El jueves sacudió la región de Ayacucho, en el sur de Perú, dejando tres personas con heridas leves y decenas de edificios dañados. El epicentro se localizó en la provincia de Parinacochas, a unos 800 kilómetros de Lima.
El terremoto se produjo a la 13 p.m. hora local (18 p.m. GMT) del jueves 21 de agosto, a una profundidad aproximada de 99 kilómetros, según el Servicio Geológico de Estados Unidos (USGS), que le asignó una magnitud de 6,7. Sin embargo, el Instituto Geofísico del Perú reportó una magnitud mayor, de 7,2, con una profundidad estimada de 108 kilómetros. Se registró una réplica de magnitud 4,2 a las 16:30 p.m. hora local.
El epicentro se localizó en la provincia de Parinacochas, en el departamento de Ayacucho. La localidad más cercana, Coracora, tiene una población aproximada de 10.000 habitantes. Las imágenes difundidas por los medios locales muestran rocas que se desprendieron de las colinas circundantes como consecuencia de los temblores.
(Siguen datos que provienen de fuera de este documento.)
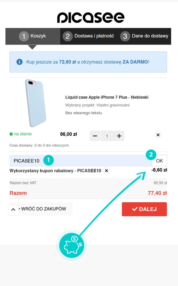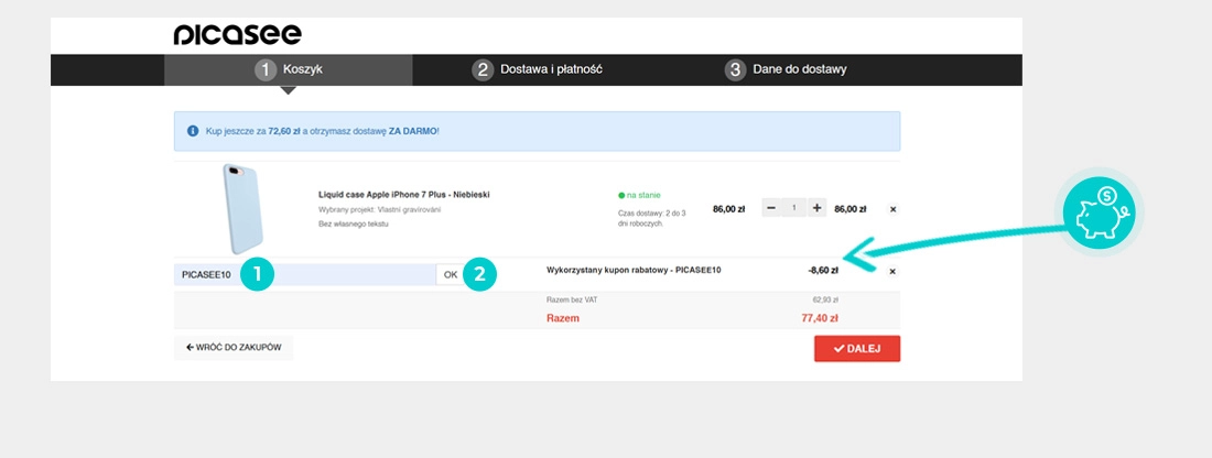 Wybierz produkt w e-sklepie Picasee.pl który Cię interesuje, naciśnij przycisk "Kup", a produkt zostanie automatycznie dodany do koszyka. Bezpośrednio w koszyku znajdziesz pole „Kupon podarunkowy lub rabatowy” pod wybranym produktem. Wpisz tutaj skopiowany kod rabatowy lub wprowadź go ręcznie i potwierdź przyciskiem „Zastosuj”.
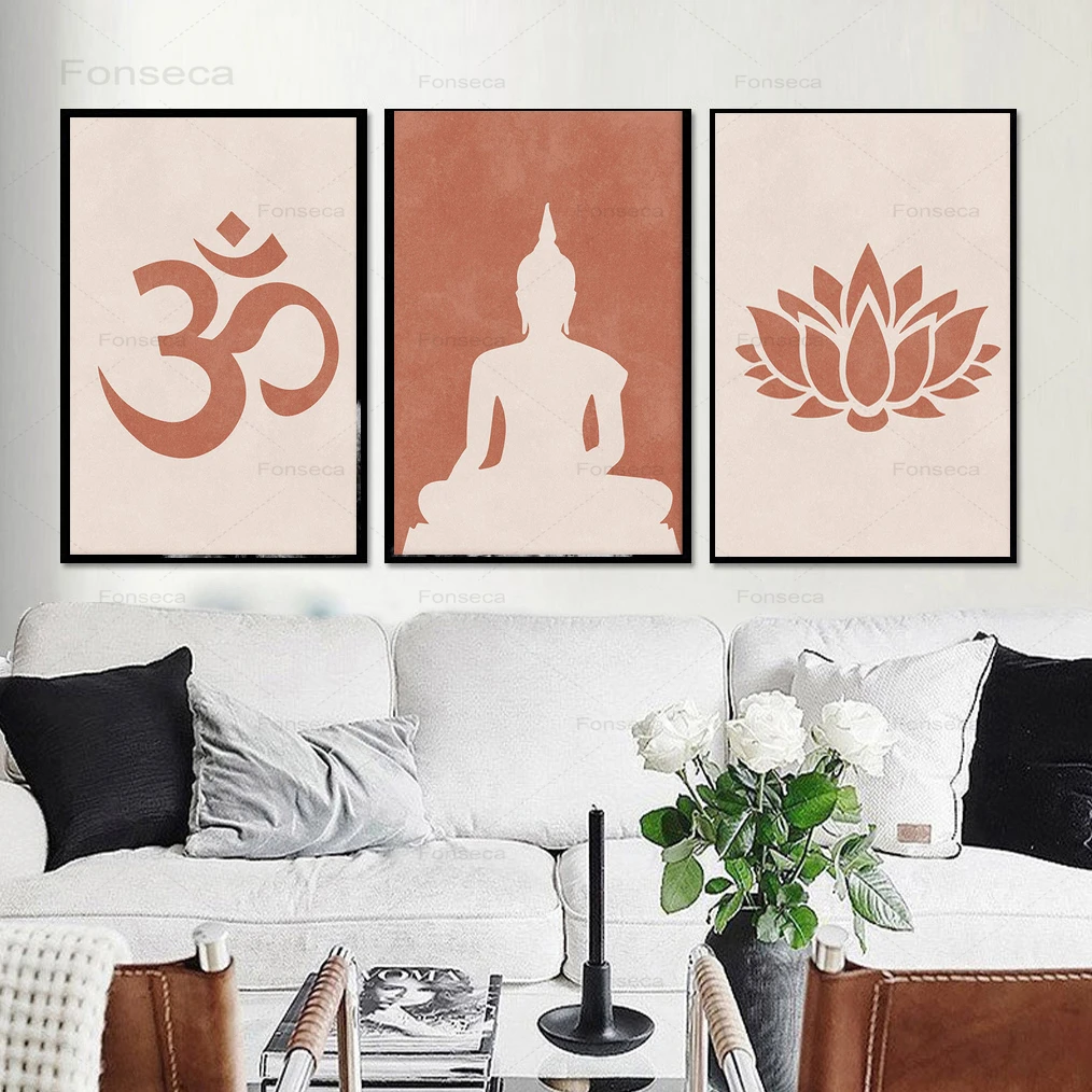 Абстрактная Картина на холсте для йоги, медитации, статуя Будды, Постер лотоса, буддистские принты, постер для украшения гостиной, настенное искусство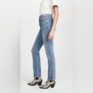 RE/DONE Double Needle Long High Waist Button Fly Jeans Straight Cut Hazey Indigo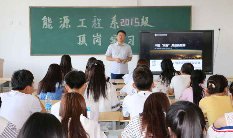 為進(jìn)一步深化校企合作,提供更優(yōu)質(zhì)的頂崗實習(xí)崗位,6月26日早上,能源工程系邀請校企合作企業(yè)安徽三安光電有限公司和晶科能源有限公司工作人員在我系洽談校企合作事宜,并對即將進(jìn)入實習(xí)的2015級學(xué)生做頂崗實習(xí)宣講。
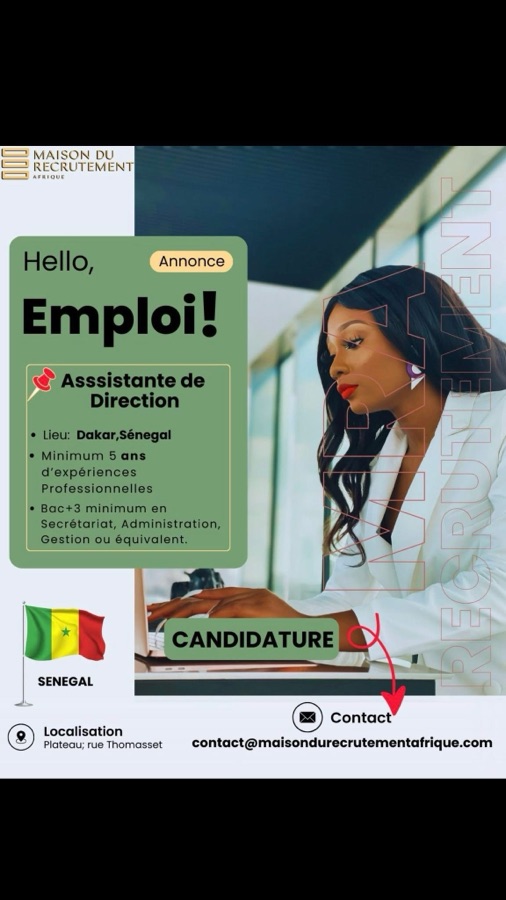La Maison du Recrutement, votre cabinet de recrutement, disposant d’un réseau solide et d’un vivier de talents qualifiés en Afrique de l’Ouest, recherche pour ses partenaires une 𝗔𝘀𝘀𝗶𝘀𝘁𝗮𝗻𝘁𝗲 𝗱𝗲 𝗗𝗶𝗿𝗲𝗰𝘁𝗶𝗼𝗻 avec minimum 𝟱 𝗮𝗻𝘀 d’expériences.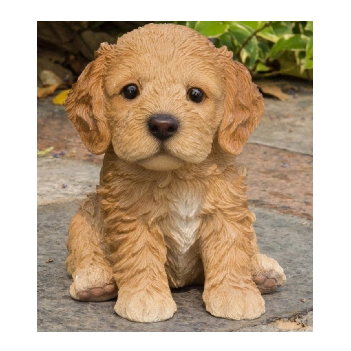 Detailed sitting cockapoo puppy figurine. Stunning craftsmanship with realistic details and features. Add a fun and unique element of surprise to your garden, deck, lawn, home, office, or any outdoor space. Makes a great gift for dog lovers.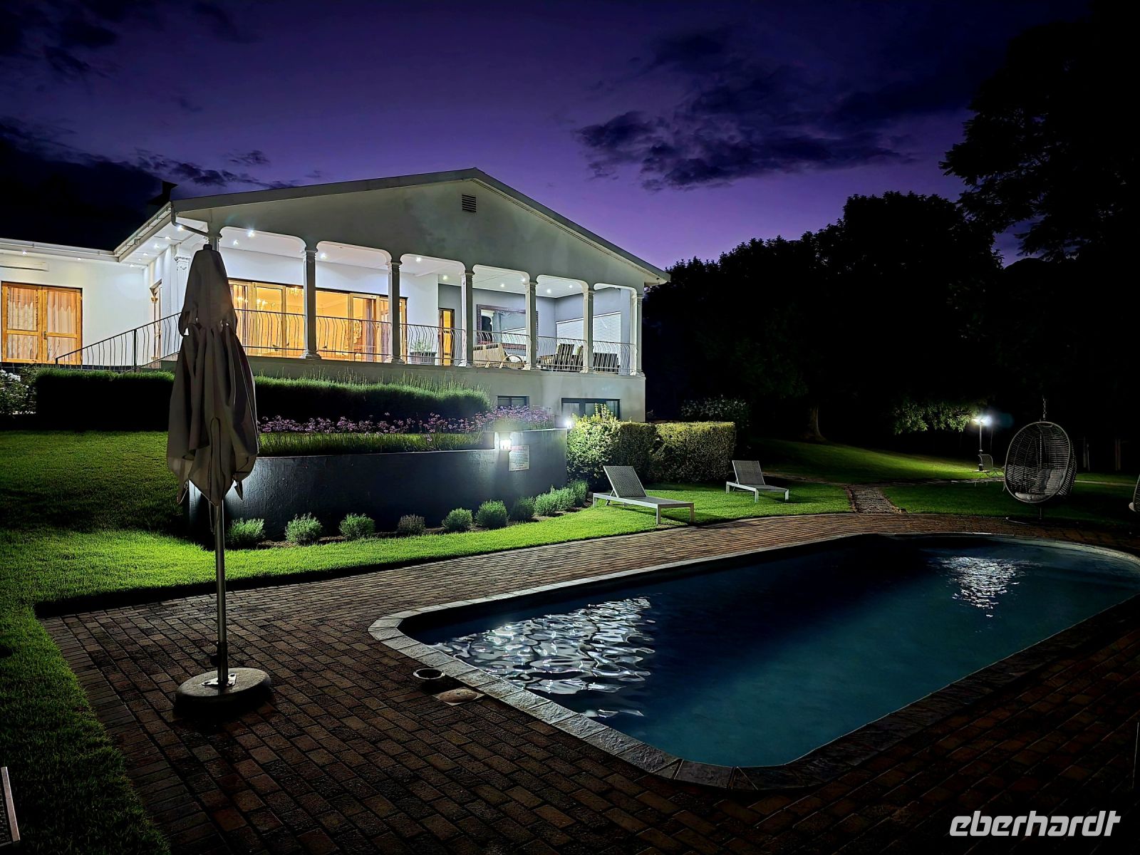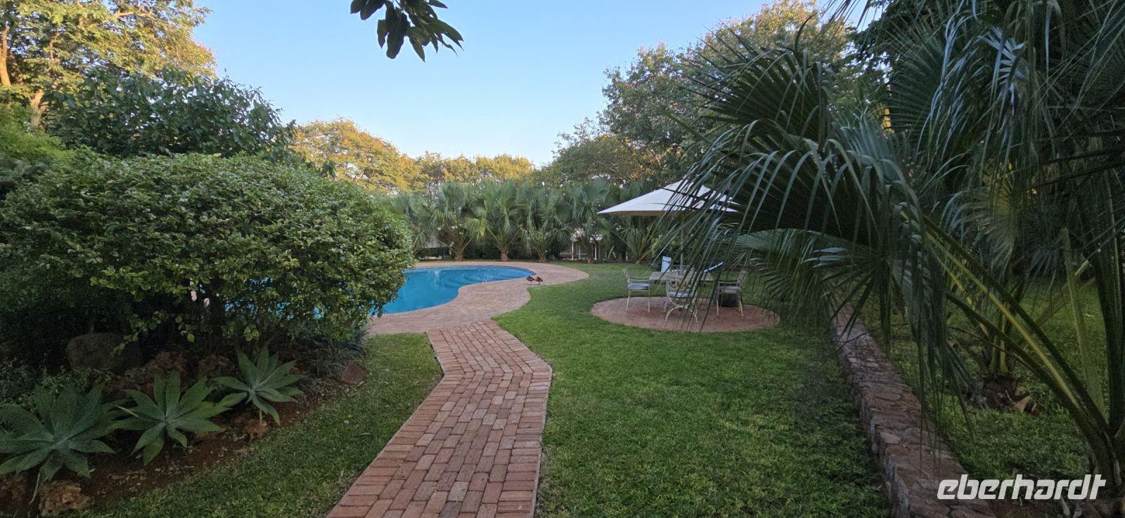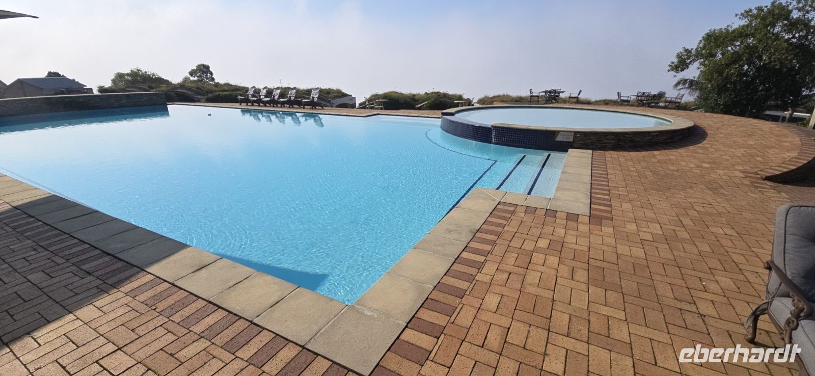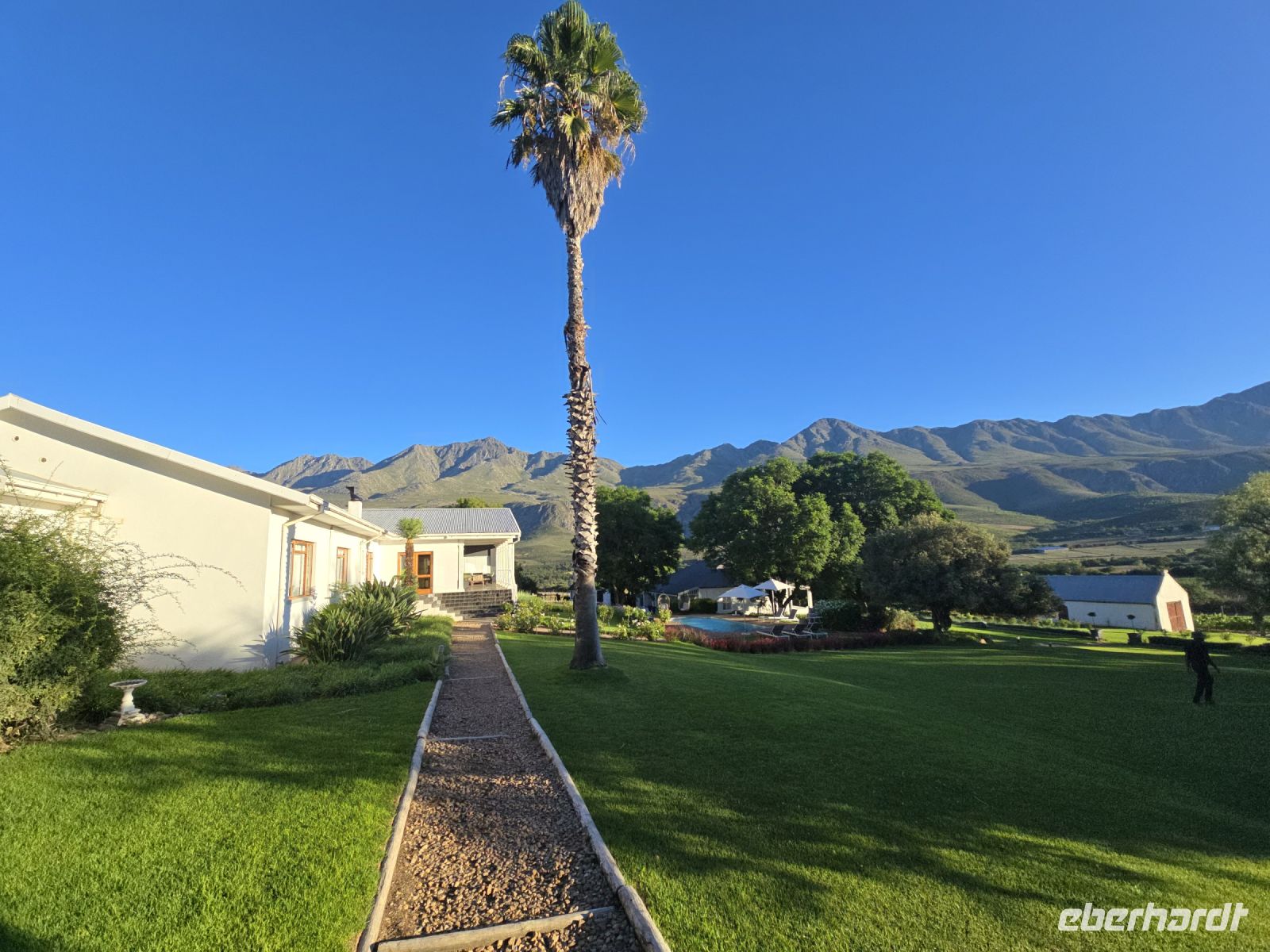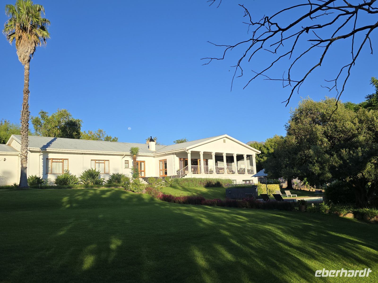 Doch die Erholung war noch nicht vorbei. Ab in den **Pool im Garten**, um den Staub des Tages abzuwaschen und sich auf den Abend vorzubereiten. Frisch gemacht ging es dann zum stilvollen Dinner, bei dem – natürlich – **Strauß** die Speisekarte bestimmte. Dazu wurden köstliche Weine serviert, die den Abend perfekt abrundeten.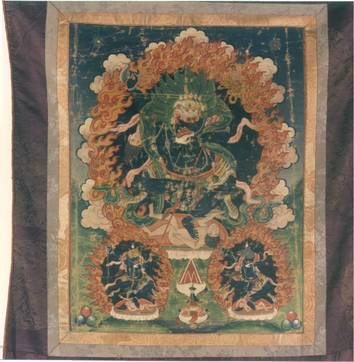 Pintura dedicada a la divinidad protectora de aspecto terrorífico Yama Dharmaraja, el Rey de la Ley, que ocupa el lugar más destacado de la composición acompañado de dos guardianes, representados a sus pies en menor tamaño. Las tres figuras se enmarcan en un halo de fuego, como contraposición al halo de luz que envuelve las imágenes de maestros, budas, bodhisattvas y lamas.Yama Dharmaraja, es una divinidad de origen indio, que se entreteje en la mitología budista por asociación con Mansjuri. Yama Dharmaraja, protector de la ley en cuanto doctrina, tiene una gran aceptación en las representaciones del budismo tibetano y de un modo especial en aquellas relacionadas con la secta Gelukhpa. Su fundador, Tsonghapa, se identifica con Mansjuri y éste con el dios protector.Cada una de las imágenes de los dioses protectores pueden manifestarse en su realidad interna, externa o en su forma última. En este caso se manifiesta en su realidad externa, adoptando por ello su cabeza, la de un búfalo. De este modo se hace eco de las amenazas externas, y protege las vidas de fieles y monasterios.El cuerpo de Yama Dharmaraja aparece pintado de un color oscuro, agitándose en un movimiento frenético con sus brazos y piernas. La pierna la derecha se pliega en una acción rítmica que se ve equilibrada, con el leve apoyo que ejerce con la pierna derecha sobre el torso desnudo de un personaje que yace bajo sus pies. En sus brazos superiores sostiene en cada una de ellas un atributo. Así con la derecha sujeta un cuchillo con el mango en forma de vajra, denominado kartrikâ,, mientras que con la izquierda, el tridente que le caracteriza está rematado por unas calaveras ensartadas en su punta, junto con un vajra y un lazo, conocido como khatvânga o cetro mágico.Su frente está adornada con una diadema formada por calaveras, que se repiten en un largo collar que recorre todo su cuerpo. Se cubre parcialmente con una piel de tigre y de su espalda asoma los restos de un ser humano cubierto de sangre en alusión directa con la muerte. Toda su iconografía resalta su carácter violento, protector, que encontrará su descanso cuando destruya la ignorancia a la que se alude con el cuerpo desnudo sobre el que apoya la fuerza de su baile.A sus pies otras dos imágenes terroríficas de divinidades protectoras o yamas, que adquieren , la de la derecha rostro de tigre y la de la izquierda de rinoceronte, repitiendo en ambos casos los elementos iconográficos relacionados con la muerte y destrucción. / Extraído de: Isabel CERVERA FERNÁNDEZ: Fundación Rodríguez-Acosta. Colección de Arte Asiático. Granada, 2002.Bibliografía: RHIE, M.; THURMANN, R.: Wisdom and Compassion. The Sacred Art of Tibet. Nueva York, 1992, pp: 108?109.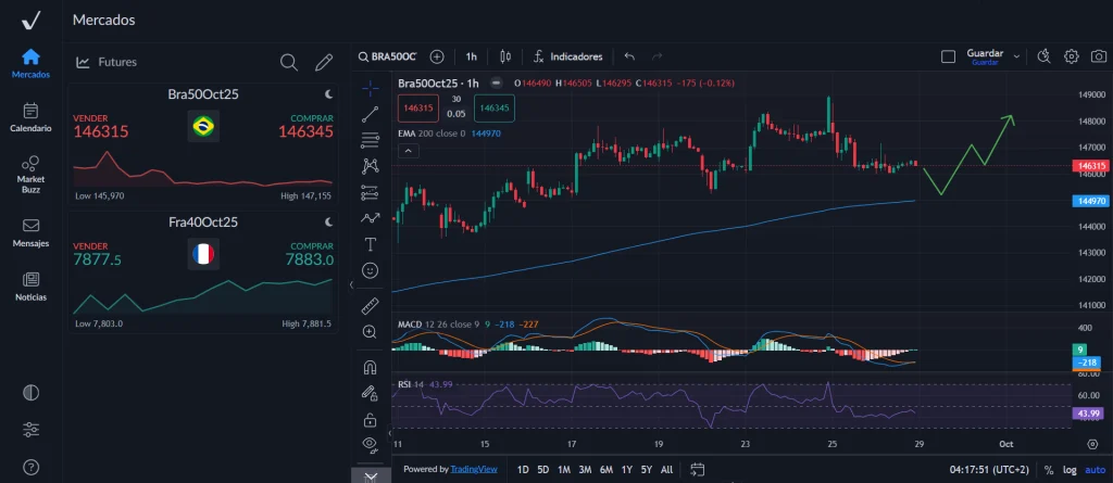 Comentario: El índice BRA50 (octubre 2025) muestra un movimiento lateral en las últimas sesiones, con el precio en torno a los 146.315 puntos. La EMA de 200 periodos en temporalidad de 1 hora se mantiene ligeramente por debajo del precio (144.970), lo que refleja que, pese a la corrección reciente, la tendencia de fondo conserva un sesgo alcista. El mercado parece estar consolidando antes de definir un próximo impulso.

El informe preliminar indica tres heridos leves. En su intervención ante el Congreso, el ministro de Defensa, Rafael Belaunde, declaró que 22 edificios residenciales, seis escuelas y 12 centros médicos habían sufrido daños, y que los equipos de gestión de desastres continuaban realizando evaluaciones sobre el terreno.
El alcalde de Coracora, Yony Odon, entrevistado por TV Perú, declaró que "la población reaccionó, salió a la calle y se refugió", expresando su esperanza de que no hubiera más víctimas. El Instituto Nacional de Defensa Civil informó en X que el sismo "se sintió con intensidad moderada a fuerte en varios departamentos", incluyendo Cusco, Arequipa, Ica y Apurímac. Periodistas de AFP también reportaron leves temblores en Lima.
Este nuevo temblor se produce en un contexto regional marcado por una intensa actividad sísmica: terremotos de magnitud superior a 7 sacudieron Venezuela en junio y Colombia en agosto, causando miles de muertes.